▶ What the task asks
Wherever a picture appears in the listing below, leave it out and reproduce the rest exactly.

▶ Data shown
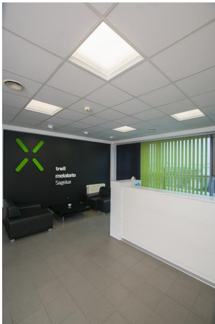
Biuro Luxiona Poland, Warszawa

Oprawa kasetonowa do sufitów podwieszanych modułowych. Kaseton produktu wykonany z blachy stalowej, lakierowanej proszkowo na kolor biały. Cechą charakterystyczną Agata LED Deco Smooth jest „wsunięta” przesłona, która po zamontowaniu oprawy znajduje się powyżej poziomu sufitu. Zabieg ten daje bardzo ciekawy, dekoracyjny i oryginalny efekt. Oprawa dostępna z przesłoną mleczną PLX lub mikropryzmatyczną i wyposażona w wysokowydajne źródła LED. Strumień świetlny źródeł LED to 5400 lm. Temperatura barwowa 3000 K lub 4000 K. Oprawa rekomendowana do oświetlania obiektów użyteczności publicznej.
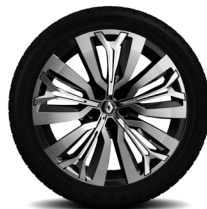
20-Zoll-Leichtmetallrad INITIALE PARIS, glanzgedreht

▶ Answer
Biuro Luxiona Poland, Warszawa

Oprawa kasetonowa do sufitów podwieszanych modułowych. Kaseton produktu wykonany z blachy stalowej, lakierowanej proszkowo na kolor biały. Cechą charakterystyczną Agata LED Deco Smooth jest „wsunięta” przesłona, która po zamontowaniu oprawy znajduje się powyżej poziomu sufitu. Zabieg ten daje bardzo ciekawy, dekoracyjny i oryginalny efekt. Oprawa dostępna z przesłoną mleczną PLX lub mikropryzmatyczną i wyposażona w wysokowydajne źródła LED. Strumień świetlny źródeł LED to 5400 lm. Temperatura barwowa 3000 K lub 4000 K. Oprawa rekomendowana do oświetlania obiektów użyteczności publicznej.
20-Zoll-Leichtmetallrad INITIALE PARIS, glanzgedreht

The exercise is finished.